=== Source data ===
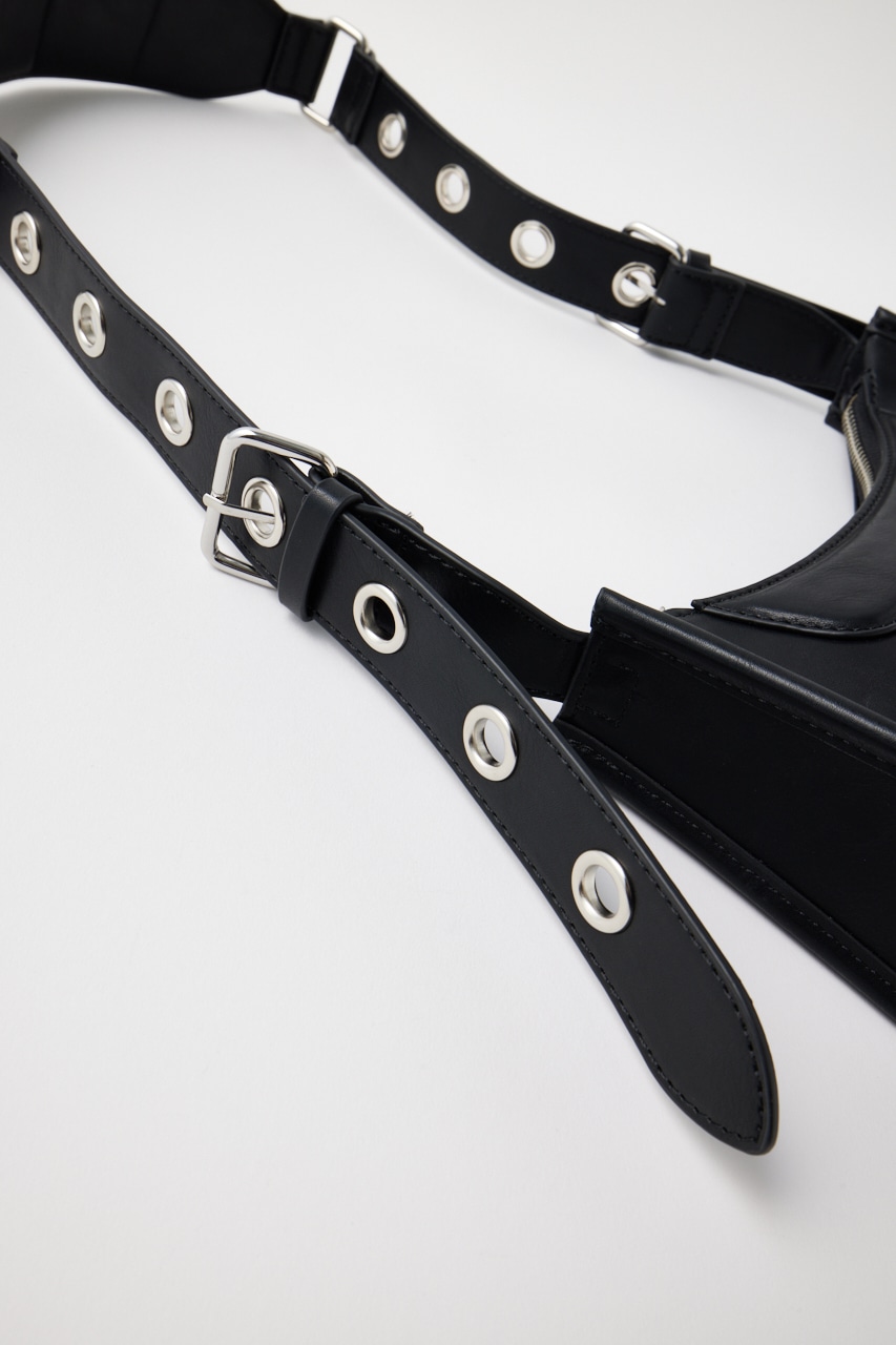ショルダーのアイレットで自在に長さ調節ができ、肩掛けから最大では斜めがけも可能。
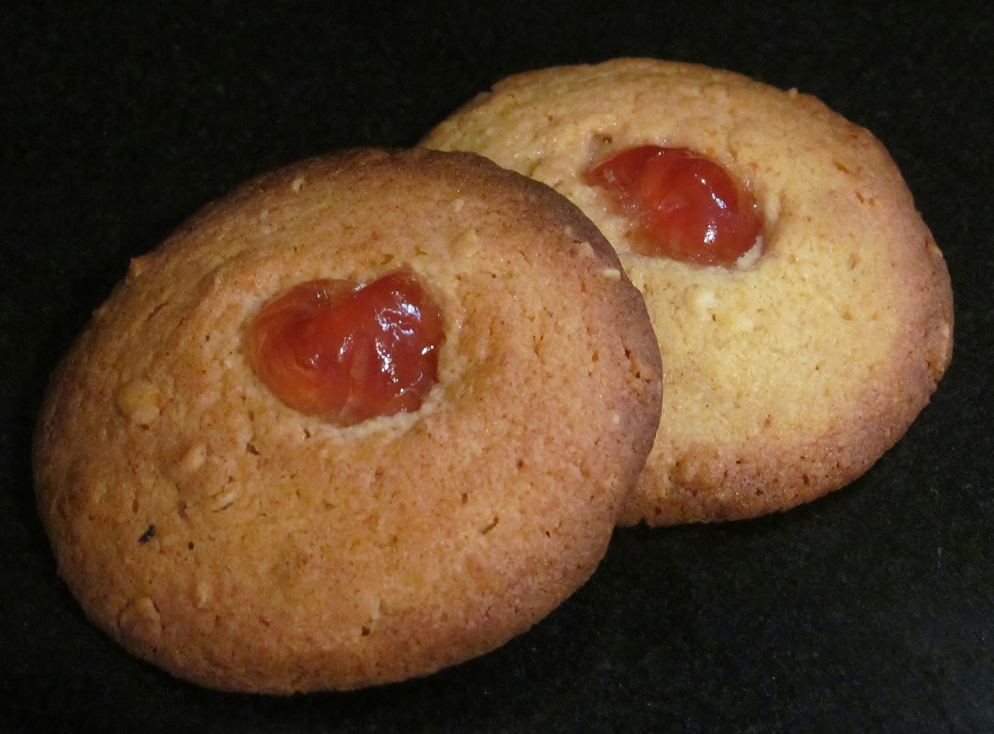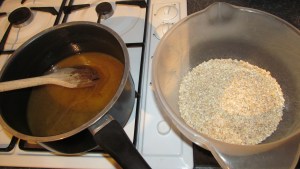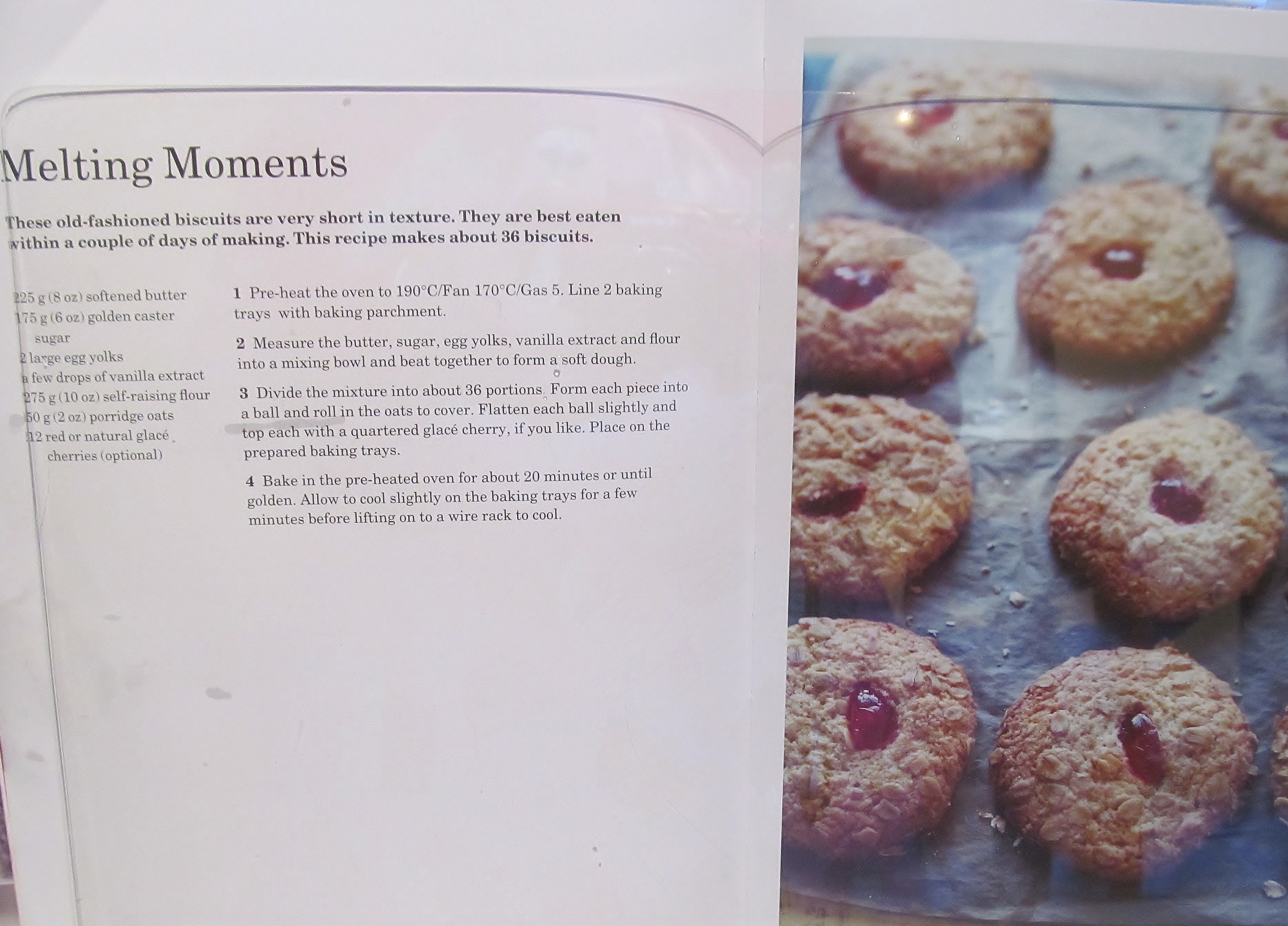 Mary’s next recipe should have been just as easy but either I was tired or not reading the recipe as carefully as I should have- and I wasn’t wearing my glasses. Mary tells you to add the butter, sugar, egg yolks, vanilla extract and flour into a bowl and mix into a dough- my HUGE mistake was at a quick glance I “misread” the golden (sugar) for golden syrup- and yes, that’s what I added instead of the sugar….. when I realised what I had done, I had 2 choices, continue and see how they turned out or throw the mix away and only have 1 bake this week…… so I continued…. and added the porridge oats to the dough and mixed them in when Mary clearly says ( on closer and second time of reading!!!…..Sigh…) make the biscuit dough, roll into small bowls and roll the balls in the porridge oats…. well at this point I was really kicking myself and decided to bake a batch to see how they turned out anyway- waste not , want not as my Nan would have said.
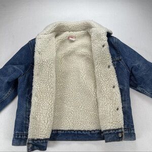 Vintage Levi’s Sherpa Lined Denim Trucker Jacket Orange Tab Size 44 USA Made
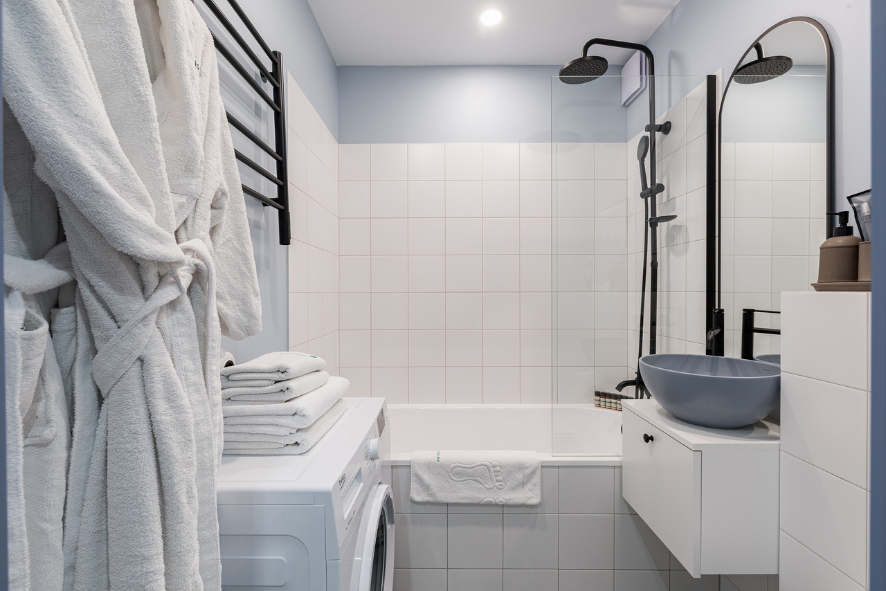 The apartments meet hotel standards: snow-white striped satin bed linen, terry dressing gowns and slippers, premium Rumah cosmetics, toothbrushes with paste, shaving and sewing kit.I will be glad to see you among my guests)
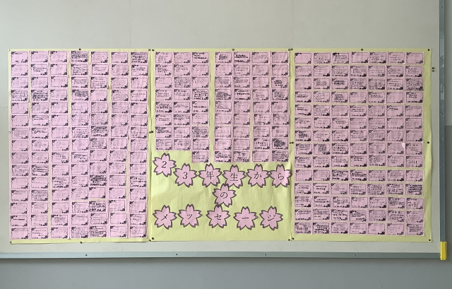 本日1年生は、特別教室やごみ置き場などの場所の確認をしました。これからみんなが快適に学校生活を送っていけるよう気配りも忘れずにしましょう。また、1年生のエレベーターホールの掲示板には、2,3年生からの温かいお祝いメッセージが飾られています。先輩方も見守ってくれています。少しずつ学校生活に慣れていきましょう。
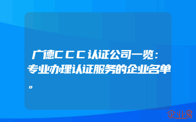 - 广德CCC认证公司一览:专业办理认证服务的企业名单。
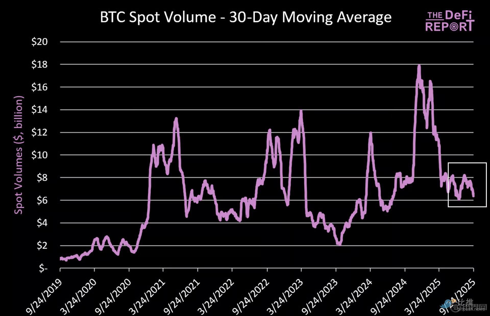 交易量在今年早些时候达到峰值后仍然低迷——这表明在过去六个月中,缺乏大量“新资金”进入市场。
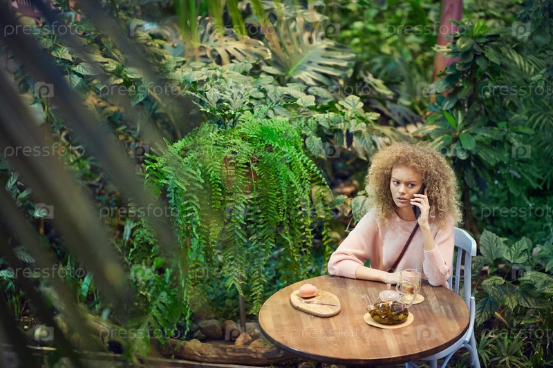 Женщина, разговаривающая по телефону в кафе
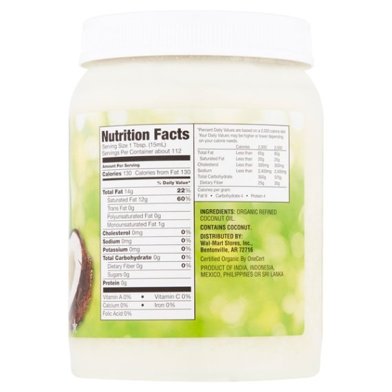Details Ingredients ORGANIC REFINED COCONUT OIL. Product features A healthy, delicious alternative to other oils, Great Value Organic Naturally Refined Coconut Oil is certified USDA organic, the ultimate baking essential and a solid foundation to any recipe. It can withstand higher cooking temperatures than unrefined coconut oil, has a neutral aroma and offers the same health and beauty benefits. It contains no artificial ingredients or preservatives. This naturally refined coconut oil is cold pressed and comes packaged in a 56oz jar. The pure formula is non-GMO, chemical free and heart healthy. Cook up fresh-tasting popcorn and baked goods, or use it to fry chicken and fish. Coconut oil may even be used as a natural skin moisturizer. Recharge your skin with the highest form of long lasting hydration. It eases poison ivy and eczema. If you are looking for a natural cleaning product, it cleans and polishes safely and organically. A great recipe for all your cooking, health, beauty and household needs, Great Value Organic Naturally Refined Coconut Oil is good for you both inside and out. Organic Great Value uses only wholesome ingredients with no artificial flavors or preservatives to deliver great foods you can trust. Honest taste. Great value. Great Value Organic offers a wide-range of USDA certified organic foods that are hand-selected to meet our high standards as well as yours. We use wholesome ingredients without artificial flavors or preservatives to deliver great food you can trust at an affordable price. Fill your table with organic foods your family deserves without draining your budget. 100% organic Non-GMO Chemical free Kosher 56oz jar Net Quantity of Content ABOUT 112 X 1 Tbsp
===
What is being asked: Only the text of the records belongs in your answer, copied exactly as it appears above.

Expected output:
ショルダーのアイレットで自在に長さ調節ができ、肩掛けから最大では斜めがけも可能。
 Mary’s next recipe should have been just as easy but either I was tired or not reading the recipe as carefully as I should have- and I wasn’t wearing my glasses. Mary tells you to add the butter, sugar, egg yolks, vanilla extract and flour into a bowl and mix into a dough- my HUGE mistake was at a quick glance I “misread” the golden (sugar) for golden syrup- and yes, that’s what I added instead of the sugar….. when I realised what I had done, I had 2 choices, continue and see how they turned out or throw the mix away and only have 1 bake this week…… so I continued…. and added the porridge oats to the dough and mixed them in when Mary clearly says ( on closer and second time of reading!!!…..Sigh…) make the biscuit dough, roll into small bowls and roll the balls in the porridge oats…. well at this point I was really kicking myself and decided to bake a batch to see how they turned out anyway- waste not , want not as my Nan would have said.
 Vintage Levi’s Sherpa Lined Denim Trucker Jacket Orange Tab Size 44 USA Made
 The apartments meet hotel standards: snow-white striped satin bed linen, terry dressing gowns and slippers, premium Rumah cosmetics, toothbrushes with paste, shaving and sewing kit.I will be glad to see you among my guests)
 本日1年生は、特別教室やごみ置き場などの場所の確認をしました。これからみんなが快適に学校生活を送っていけるよう気配りも忘れずにしましょう。また、1年生のエレベーターホールの掲示板には、2,3年生からの温かいお祝いメッセージが飾られています。先輩方も見守ってくれています。少しずつ学校生活に慣れていきましょう。
 - 广德CCC认证公司一览:专业办理认证服务的企业名单。
 交易量在今年早些时候达到峰值后仍然低迷——这表明在过去六个月中,缺乏大量“新资金”进入市场。
 Женщина, разговаривающая по телефону в кафе
Details Ingredients ORGANIC REFINED COCONUT OIL. Product features A healthy, delicious alternative to other oils, Great Value Organic Naturally Refined Coconut Oil is certified USDA organic, the ultimate baking essential and a solid foundation to any recipe. It can withstand higher cooking temperatures than unrefined coconut oil, has a neutral aroma and offers the same health and beauty benefits. It contains no artificial ingredients or preservatives. This naturally refined coconut oil is cold pressed and comes packaged in a 56oz jar. The pure formula is non-GMO, chemical free and heart healthy. Cook up fresh-tasting popcorn and baked goods, or use it to fry chicken and fish. Coconut oil may even be used as a natural skin moisturizer. Recharge your skin with the highest form of long lasting hydration. It eases poison ivy and eczema. If you are looking for a natural cleaning product, it cleans and polishes safely and organically. A great recipe for all your cooking, health, beauty and household needs, Great Value Organic Naturally Refined Coconut Oil is good for you both inside and out. Organic Great Value uses only wholesome ingredients with no artificial flavors or preservatives to deliver great foods you can trust. Honest taste. Great value. Great Value Organic offers a wide-range of USDA certified organic foods that are hand-selected to meet our high standards as well as yours. We use wholesome ingredients without artificial flavors or preservatives to deliver great food you can trust at an affordable price. Fill your table with organic foods your family deserves without draining your budget. 100% organic Non-GMO Chemical free Kosher 56oz jar Net Quantity of Content ABOUT 112 X 1 Tbsp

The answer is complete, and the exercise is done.